# Zulip Chat Archive

## Stream: general

### Topic: Proving identities from Table of Integrals, Series, and Prod

#### Congzhou Sha (Sep 19 2022 at 22:19):

This is definitely going to be a massive undertaking, but I've started proving identities from the book by Gradshteyn and Ryzhik (https://github.com/mikesha2/identitylib). So far, a lot of it is algebraic hell...

#### Moritz Doll (Sep 19 2022 at 22:27):

This is great. One way I tried to convince analysts that formalization is useful (this is quite a hard task) is saying that having formalization of these huge libraries of special functions identities and estimates in a digitalized form would be so much better than what we have now (also considering that these things tend to have mistakes and no proofs). For the really interesting parts I think we still lack the complex analysis tools, but the more fundamental things would be great to have in mathlib.
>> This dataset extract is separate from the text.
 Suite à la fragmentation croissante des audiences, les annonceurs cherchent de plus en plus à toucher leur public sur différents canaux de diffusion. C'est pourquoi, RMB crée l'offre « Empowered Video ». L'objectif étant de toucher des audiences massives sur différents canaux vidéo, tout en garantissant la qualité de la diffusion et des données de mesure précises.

#### Eric Wieser (Sep 19 2022 at 22:29):

I'd be very surprised if this lemma about derivatives combining additively is not in mathlib as something like docs#has_deriv_at.add

#### Congzhou Sha (Sep 19 2022 at 22:46):

It's absolutely in there, and I've been trying to learn more theorems that are already in mathlib, but philosophically, it shouldn't matter, right? As long as I see "goal accomplished"

#### Scott Morrison (Sep 20 2022 at 02:04):

Here's the argument that it does matter. Beyond just being formally checked, we want mathematical results to be discoverable, usable, and maintainable. All of these problems getting easier the tighter the integration with mathlib. It's very important for usability that libraries can be imported simultaneously with mathlib (duplication is not actually an issue here). I would argue that a repository becomes much more maintainable if it adheres to the same standards (documentation, proof style, lemma naming, etc) as mathlib --- first because there are lots of people familiar with those standards who can contribute, and secondly because it significantly lowers the barrier to porting critical parts of an external library into mathlib if it becomes necessary (either for mathlib's own purposes, or maintenance).
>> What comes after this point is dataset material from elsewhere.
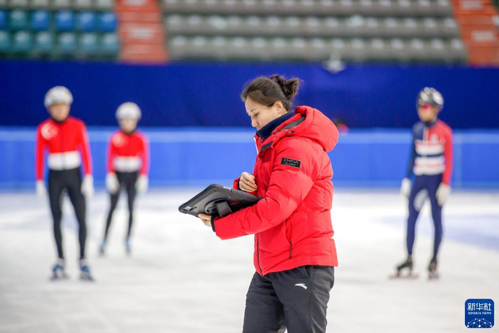 3月9日,中國短道速滑隊主教練張晶在現場指導。

I think the "perfect" approach to formalizing a large set of results (assuming they are significant enough and on topic enough to warrant living in mathlib, but that certainly applies here) is to PR them all directly into mathlib, using doc-strings to label the theorems as coming from some named collection. (e.g. see how we link to the Stacks project in many places).

It is obviously more work, but there are significant payoffs: the discipline of going through the mathlib PR process results in much better code at the end of the day (plus you learn "mathlib style", making it easier to collaborate with others), and of course you get to hope that your contributions are maintained longer, and discovered by more people.

On the other hand, perfect is the enemy of good, and it's completely fine to work off in your own repository, duplication mathlib results as you see fit. :-)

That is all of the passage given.